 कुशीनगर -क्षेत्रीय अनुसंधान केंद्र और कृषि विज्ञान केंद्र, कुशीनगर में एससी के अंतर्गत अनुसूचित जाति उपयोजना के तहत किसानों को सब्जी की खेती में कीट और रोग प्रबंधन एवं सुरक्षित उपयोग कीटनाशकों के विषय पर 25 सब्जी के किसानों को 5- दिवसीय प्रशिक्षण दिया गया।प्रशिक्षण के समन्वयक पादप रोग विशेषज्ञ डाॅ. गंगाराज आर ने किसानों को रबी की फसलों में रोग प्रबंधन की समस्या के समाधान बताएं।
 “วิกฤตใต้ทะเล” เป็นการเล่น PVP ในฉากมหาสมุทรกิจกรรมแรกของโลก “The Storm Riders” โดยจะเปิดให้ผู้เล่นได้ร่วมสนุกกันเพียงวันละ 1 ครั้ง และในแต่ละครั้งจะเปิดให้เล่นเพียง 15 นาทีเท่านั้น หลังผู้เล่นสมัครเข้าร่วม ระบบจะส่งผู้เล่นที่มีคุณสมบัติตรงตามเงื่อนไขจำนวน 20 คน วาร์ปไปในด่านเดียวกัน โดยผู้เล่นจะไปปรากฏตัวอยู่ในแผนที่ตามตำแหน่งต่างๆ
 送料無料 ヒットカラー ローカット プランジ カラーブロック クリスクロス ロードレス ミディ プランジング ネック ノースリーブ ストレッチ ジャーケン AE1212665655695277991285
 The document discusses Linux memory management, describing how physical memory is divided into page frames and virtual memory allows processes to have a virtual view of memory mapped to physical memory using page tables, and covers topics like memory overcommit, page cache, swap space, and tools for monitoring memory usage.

==

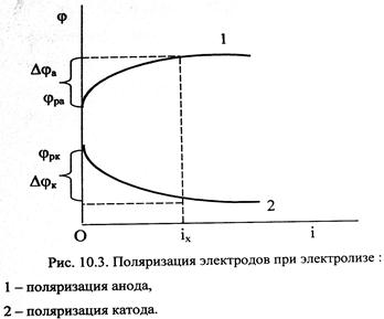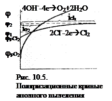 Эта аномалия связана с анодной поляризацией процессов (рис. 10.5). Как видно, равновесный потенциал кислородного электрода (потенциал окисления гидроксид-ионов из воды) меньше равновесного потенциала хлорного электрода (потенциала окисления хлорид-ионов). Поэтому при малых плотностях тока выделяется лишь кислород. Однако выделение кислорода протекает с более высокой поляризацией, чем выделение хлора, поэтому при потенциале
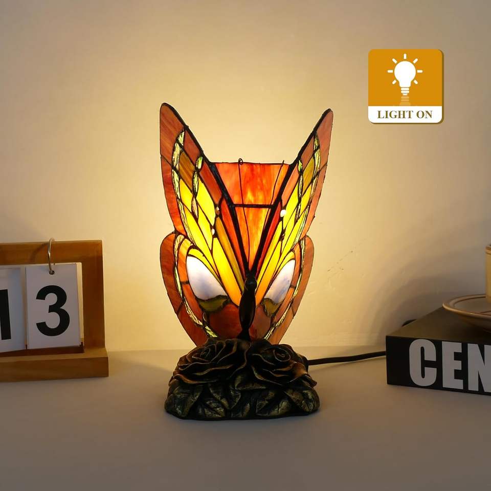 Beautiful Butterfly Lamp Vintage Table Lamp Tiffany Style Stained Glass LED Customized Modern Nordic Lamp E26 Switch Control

• [WORK ITEM] In the listing above, find the line containing "เป็นการเล่น PVP ในฉากมหาสมุทรกิจกรรมแรกของโลก" and the line containing "The document discusses", then retype both and every line between them exactly, with nothing else.

• [OUTPUT OF THE EXERCISE]
 “วิกฤตใต้ทะเล” เป็นการเล่น PVP ในฉากมหาสมุทรกิจกรรมแรกของโลก “The Storm Riders” โดยจะเปิดให้ผู้เล่นได้ร่วมสนุกกันเพียงวันละ 1 ครั้ง และในแต่ละครั้งจะเปิดให้เล่นเพียง 15 นาทีเท่านั้น หลังผู้เล่นสมัครเข้าร่วม ระบบจะส่งผู้เล่นที่มีคุณสมบัติตรงตามเงื่อนไขจำนวน 20 คน วาร์ปไปในด่านเดียวกัน โดยผู้เล่นจะไปปรากฏตัวอยู่ในแผนที่ตามตำแหน่งต่างๆ
 送料無料 ヒットカラー ローカット プランジ カラーブロック クリスクロス ロードレス ミディ プランジング ネック ノースリーブ ストレッチ ジャーケン AE1212665655695277991285
 The document discusses Linux memory management, describing how physical memory is divided into page frames and virtual memory allows processes to have a virtual view of memory mapped to physical memory using page tables, and covers topics like memory overcommit, page cache, swap space, and tools for monitoring memory usage.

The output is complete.